Ingredients for manufacturing PU are polyisocyanate, polyester or polyether polyol, and a chain extender like a diol or diamine. The most reactive component is isocyanate due to its -NCO groups. The quality of PU obtained depends on the ratio of -NCO to -OH groups to obtain a good end product with the required properties. Insufficiency as well as an excess of -NCO groups will result in the formation of allophanate or biuret compounds, with different properties. On the other side, urea and isocyanurate linkages displayed higher thermal stability than polyurethanes [4].
Thermal stability of PU has been extensively studied for many decades. As introduced above, three general reactions can occur during the thermal degradation of polyurethane: (i) dissociation to the original polyol and isocyanate; (ii) formation of a primary mine, alkene, and carbon dioxide; and (iii) formation of a secondary amine and carbon dioxide. The tendency for a particular mechanism depends on the chemical nature of the groups, adjacent to the urethane linkage, and the environmental conditions. Polyurethane degradation usually starts with dissociation of the urethane bonds and carbon dioxide and isocyanate evaporation. The general consensus, however, is that decomposition occurs in three steps at the level of the urethane group between 200 and 300°C. The most important factors that determine thermal stability of PU are the nature of starting materials and the condition of polymer preparation.

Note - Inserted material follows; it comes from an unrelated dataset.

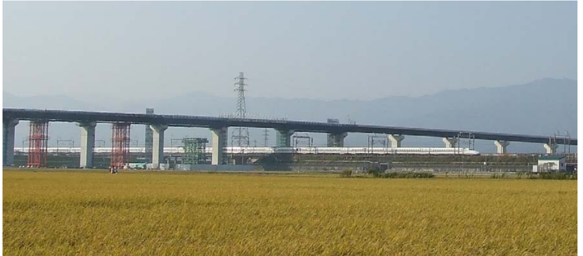
①大垣市綾野地区の工事状況(JR新幹線の南側から北西方向を望む、平成23年10月撮影)
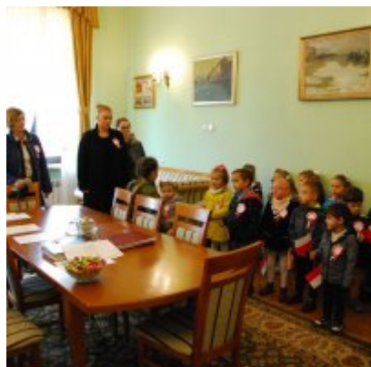
Obchody 100 rocznicy odzyskania przez Polskę Niepodległości w Gminie Zator

When polyurethanes undergo thermal degradation, some potentially hazardous chemicals are released. These chemicals could not lead to visible warning. When PU is submitted to high temperatures, special health and safety precautions should be put in practice. It was early noticed that at temperatures above 600°C, cyanide is produced from PU decomposition and polyureas, giving off the so-called yellow smokes and emission of other toxic products. The conditions of synthesis (polycondensation) and the nature of the reagents (initial prepolymers and monomers) influence the composition of the volatile compounds and residues arising from decomposition. Health and safety, apart from material performance, is one of the reasons why it is important to establish heat stability ranges for materials with such a wide spectrum of utilization as PUs.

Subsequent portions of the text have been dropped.